Word for word the excuses Willis used this AM.
Is Willis' office paying you?
National knew what those 13 cancer treatments would cost ($70 million per year) and made the promise. They also knew how they were going to pay for them. It’s all detailed in National’s Policy document in which they outlined their promises: https://assets.nationbuilder.com/nationalparty/pages/18159/attachments/original/1692580225/Helping_more_Kiwis_fight_cancer.pdf?1692580225
You’ve got no idea what you’re talking about. The list of 13 cancer treatments to be funded is in the same linked document – it’s only 3 pages long, so you can’t miss it – with the indications for use.
Please stop your ignorant shilling.
Incognito.
"Ignorant shilling"
Recently involved with cancer treatment and provision of cancer drugs.
Do you think this is not going to happen here?
https://www.zerohedge.com/political/i-was-offered-assisted-dying-over-cancer-treatment-broken-canadian-healthcare-system
This parallels my experience here – and there is talk of extending 'euthanasia' legislation locally.
Quite likely some very delicate negotiations between Pharmac and drug companies involved have been derailed by 1) the Government 'promise' 2) the politically motivated shrieking.

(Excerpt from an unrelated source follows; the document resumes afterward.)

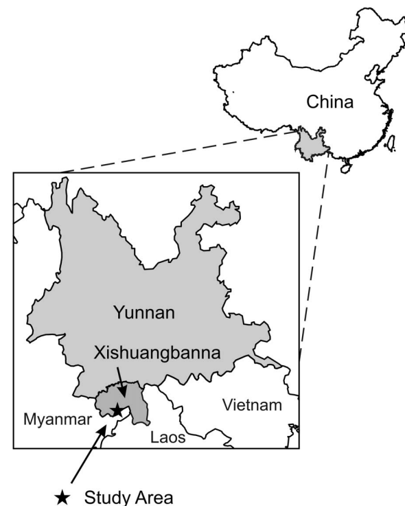
Figure 1. Location of the study area in Xishuangbanna prefecture, Yunnan province, China. doi:10.1371/journal.pone.0069357.g001

The major land-use types in Menglong township include rubber plantations, secondary forests, and farmland. According to local plantation owners the dominant land-use change trajectories in Menglong township were: (i) Primary forest–swidden agriculture–secondary forest–rubber plantation, and (ii) primary forest–swidden agriculture–rubber plantation. Swidden agriculture was the dominant land-use type in the region for centuries [19]; this involved cutting and burning of vegetation patches in the forest, thereby creating fields for use as rotation of cropping phases (1–3 years) and fallow periods (5–20 years) during which secondary vegetation regrows [11,20]. The widespread practice of swidden cultivation in the past resulted in loss and degradation of primary forests [21]. Nowadays, almost all swidden fields have been replaced by monoculture rubber plantations. Since primary forest and swidden agriculture are not present anymore, we focused on the more recent land-use change from secondary forest towards rubber plantations. Based on information from local plantation owners, we selected rubber plantations that all went through this land-use change trajectory. Forest clearing was done by hand and no heavy machinery was used. After forest clearing, the sites were
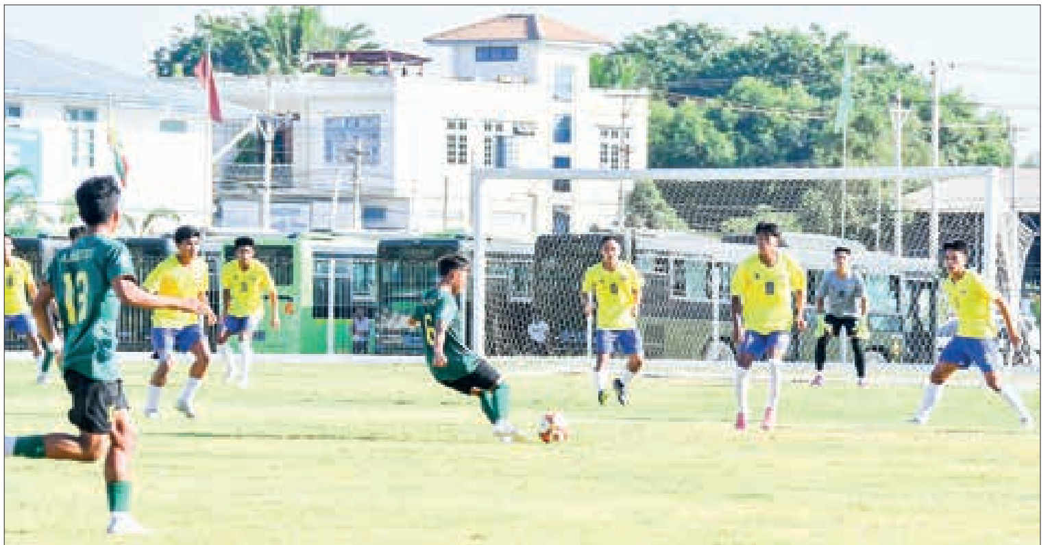
MoSYA versus MoNREC in the Inter-Ministerial Men's Football Tourney.

The BIG question not asked: Why – if the 13 drugs are so needed and necessary were they not funded by the previous administration?
I make no apologies for my cynicism and "shilling" as they come from extremely bitter experience and loss of loved ones.
Lame excuse. Landlords, no doubt several are millionaires like Luxon, got a 3b tax break they didn't need.
54 Properties !
And a certain….. Dilworth "Trust"….
$ Billion !
Thanks for that!
ACT wanted more help to landlords more quickly – the money had to come from somewhere.
https://www.rnz.co.nz/news/political/503476/landlord-tax-breaks-will-blow-out-by-1b-ctu
Remember like most things being a shyster and a huckster and damaging a society is not a crime in most cases. (What’s going on with that opioid epidemic? Did they catch those OxyContin bandits?)
What’s illegal, especially in places less free is telling people about it…
The reality is: health cut in real terms, education, defence and police also cut.
https://x.com/SEaqub/status/1796009483560189959
Anyone not getting this is open class war at this point, is an idiot.
We did not get fiscally neutral tax cuts from the incoming 2008 government either (and that was with a 2.5% increase in GST not declared in the election campaign).
They had form and so no expert believed Willis’s pre-election reckons.
all the talk from Luxon and Willis before the election about their costings, pretty much laid bare now as being lies. Even the guy who wrote half of ACT & Nationals policies, Hooten, states as much.
This is the obvious weakness/line of attack in this uninspiring budget:
"the Coalition of Cuts is borrowing to give tax cuts."
Madness. Bring back Grant.
Tell me I just nodded off and dreamed it.
Just heard on News TV1 that the govt has budgeted for a tug boat big enough to rescue ferries.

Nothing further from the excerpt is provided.